If 20 souvenirs are to be divided among 4 candidates with each getting at least three, I think the answer is the coeff. of x^20 in the expansion of (x^3+x^4+......+x^20)^4. What will be the answer if the constraint of minimum souvenirs is removed? Please explain how this bracket is arrived? Please also give some more such examples. I think one of these is: in how many ways one can get m marks in aggregate if there are x papers of n marks each.
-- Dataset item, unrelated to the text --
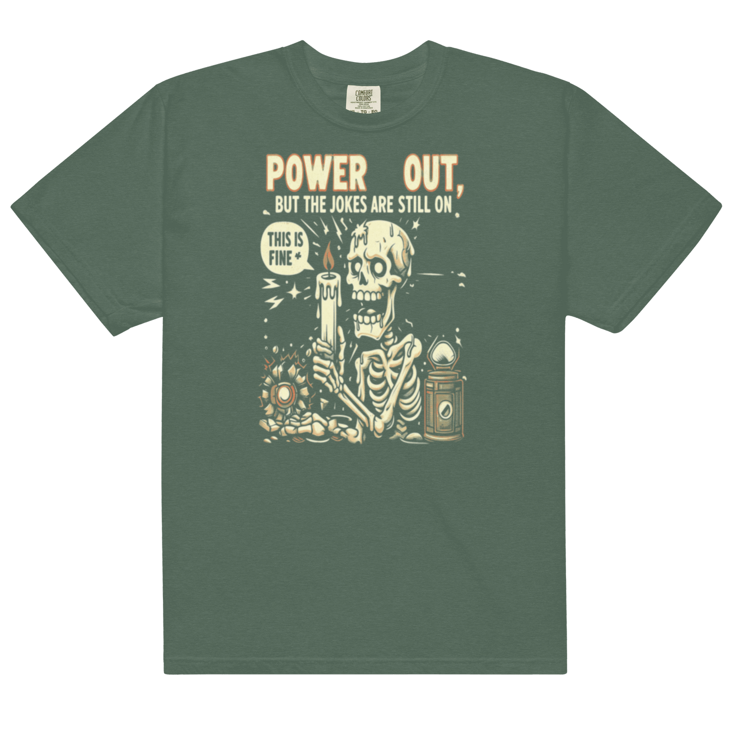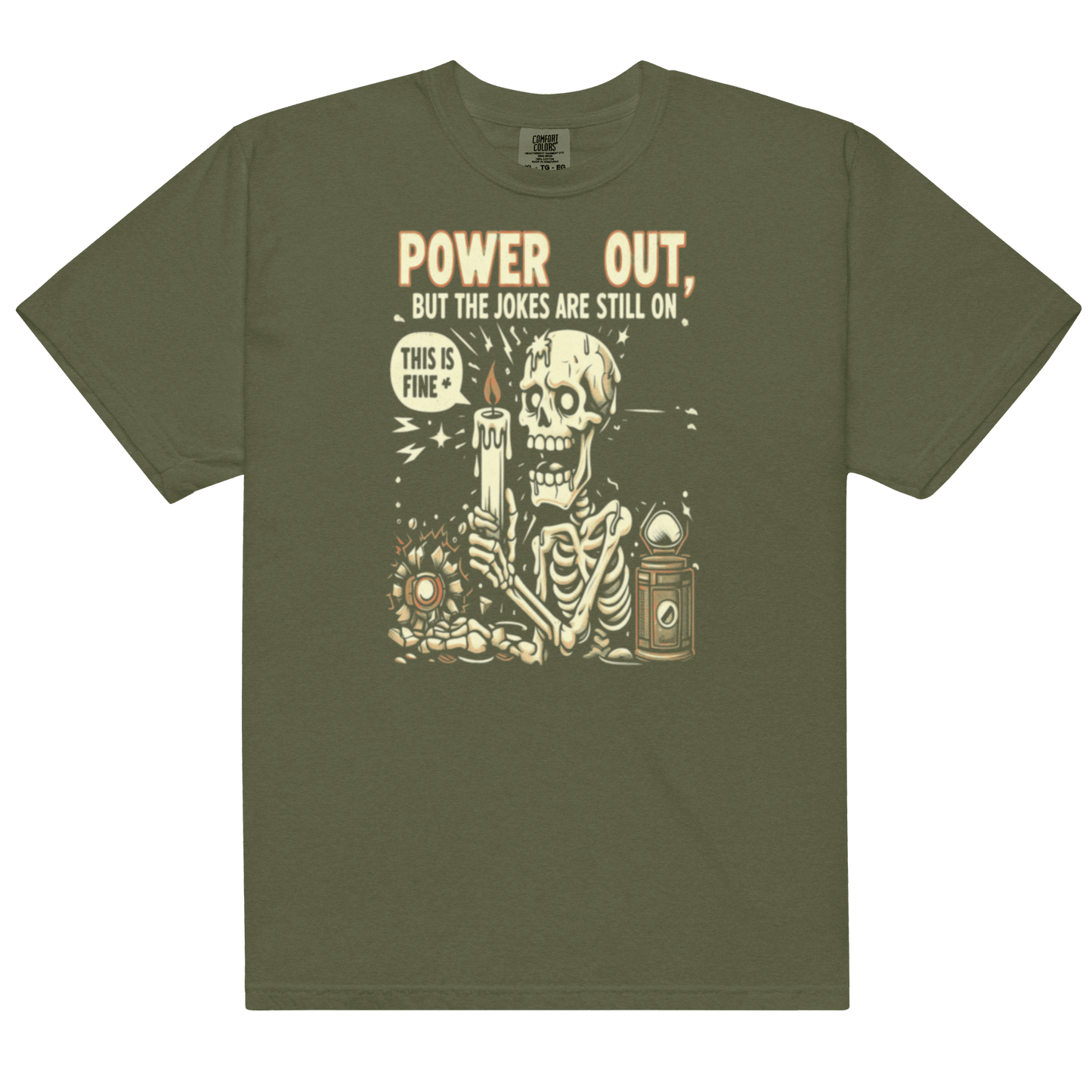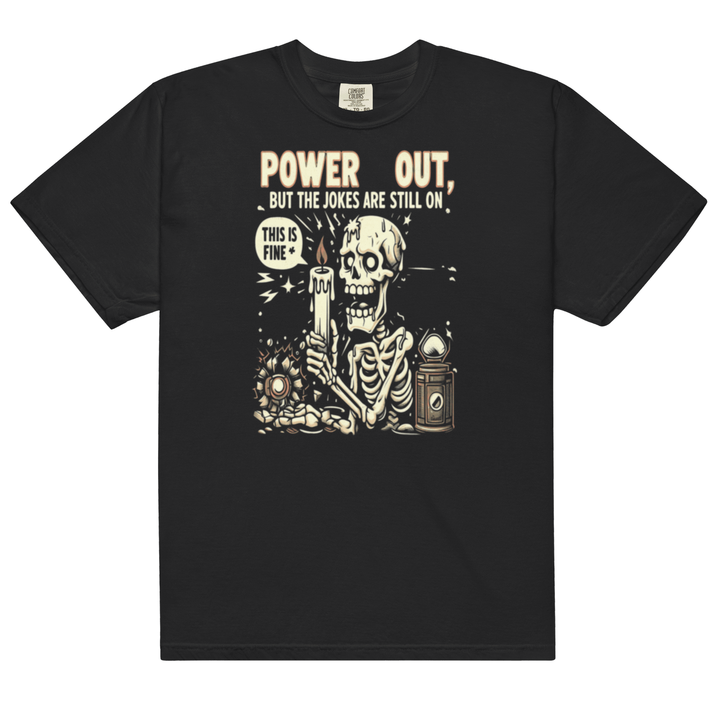 Unisex garment-dyed heavyweight t-shirt Power Outage Sarcasm T-Shirt - 'This Is Fine' Power Outage Meme Tee | Dark Humor Apparel

2006-08-28 18:16:44 · 2 answers · asked by Amit K 2 in Science & Mathematics ➔ Mathematics
In the expansion, x^20 is the product of 4 terms of x of various powers, but sum of their powers is 20. E.g. x^3x^4x^5x^8. (...)^4 = (...)(...)(...)(...) and imagine that from each bracket, which corresponds to each of the 4 candidates, we choose a term of a certain power, which corresponds to the number of souvenirs the particular candidate is getting. Thus, the number of x^20 terms in the expansion is the number of ways this can be done. Since all coefficients in the bracket are 1, the number of x^20 terms = coefficient of the x^20 term.
Starting from x^3 corresponds to the constraint of each getting at least three. In fact, since each getting at least 3, the maximum one can get is 20-3-3-3=11. Thus, you only need to expand (x^3+x^4+...+x^11)^4.
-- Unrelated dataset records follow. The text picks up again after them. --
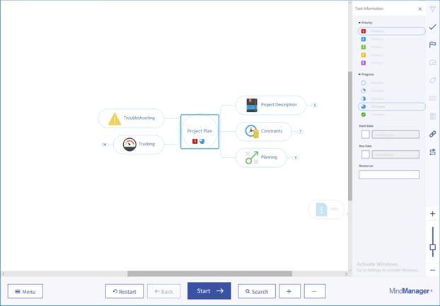 By default, maps open in Standard View, which allows you to expand and collapse the branches of the map, and focus on a particular topic with one click. When you hover on a map item or the various controls in the window, tooltips inform you of the features under your pointer. Notes, links, and other information displays in a sliding pane on the right.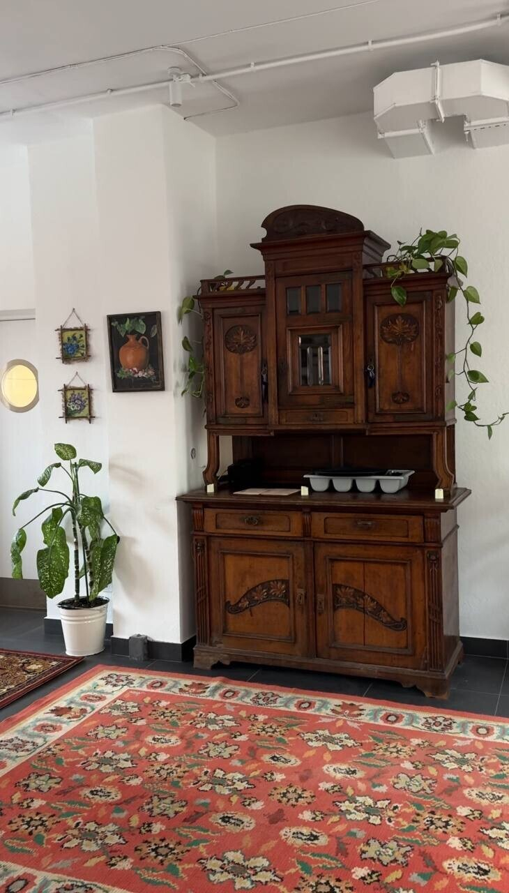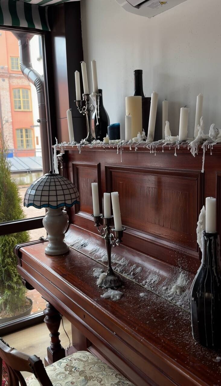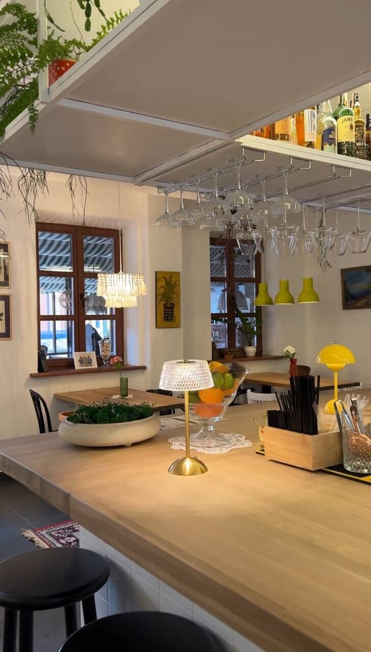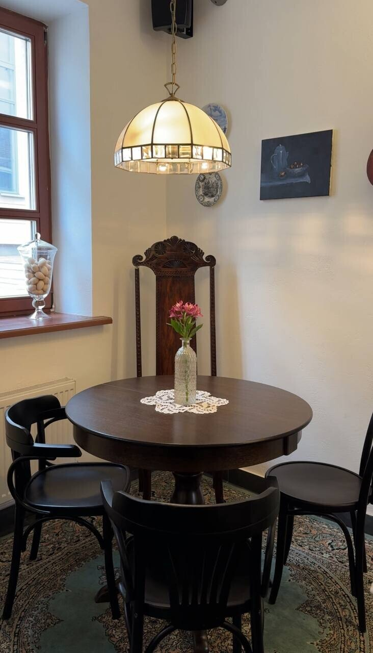 Старый комод, микс из стульев разных стилей и эпох, светильники, обтянутые тканью, ковры, цветы, винтажная посуда и огромное количество тщательно подобраных картин. К слову, много работ белорусских художников. Скоро возле них появится QR-код — можно будет приобрести. Удобно, что на втором этаже есть стол на большую компанию, а летом можно будет разместиться на балкончиках. В социальных сетях заведение описывает себя так: «Про людей, самых — самых разных, про самую вкусную курочку на гриле, про уютные посиделки с бокалом вина».
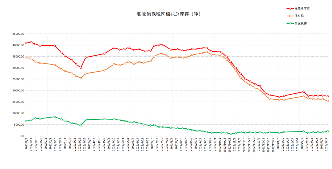 據(jù)張家港保稅區(qū)紡織原料市場統(tǒng)計,截至3月16日當周,#張家港保稅區(qū)棉花總庫存#1.75萬噸,環(huán)比減少1.62%;其中#保稅棉#1.54萬噸,環(huán)比減少0.29%,#非保稅棉#0.2萬噸,環(huán)比增加31.72%。當周#張家港保稅區(qū)棉花庫存#中,出庫898噸,入庫1025噸,凈入庫127噸。

Removing the constraint mean you need to consider the coefficient of x^20 in the expansion of (1+x+x^2+x^3+..+x^20)^4.
Yes, your example leads to finding the coefficient of x^m in the expansion of (1+x+x^2+x^3+..+x^n)^n.
2006-08-28 19:23:36 · answer #1 · answered by back2nature 4 · 0⤊ 0⤋
I like to split up the process into independent parts and use the counting principle.
Step 1: There are 4 people, each getting 3 things, so that's 12. How many ways can you select 12 of 20? That's 20C12 ways to grab the stuff that everyone must have.
Step 2: How many ways to select 3 of 12 (12C3) then 3 of the remaining 9 (9C3) then 3 of 6 (6C3) and then 3 of the last 3 (3C3). So that is 12C3*9C3*6C3.
Step 3 is to determine how many ways to distribute 4 things among 4 people. That's (4P4).
Then everyone has three objects.
Step 4 is to count the ways to distrubute the leftovers. There are 8 objects left, and you need to distrubute them among 4 people. Imagine you have three boxes like this
[ | | | ]
and you can put each of the 8 things in any of the compartments. There are 4 choices for each thing, so there are 4^8 ways for this to happen.
The answer is the product of all of these independent factors:
(20C12)*(12C3*9C3*6C3)
*(4P4)*(4^8).
2006-08-29 01:38:44 · answer #2 · answered by Benjamin N 4 · 0⤊ 0⤋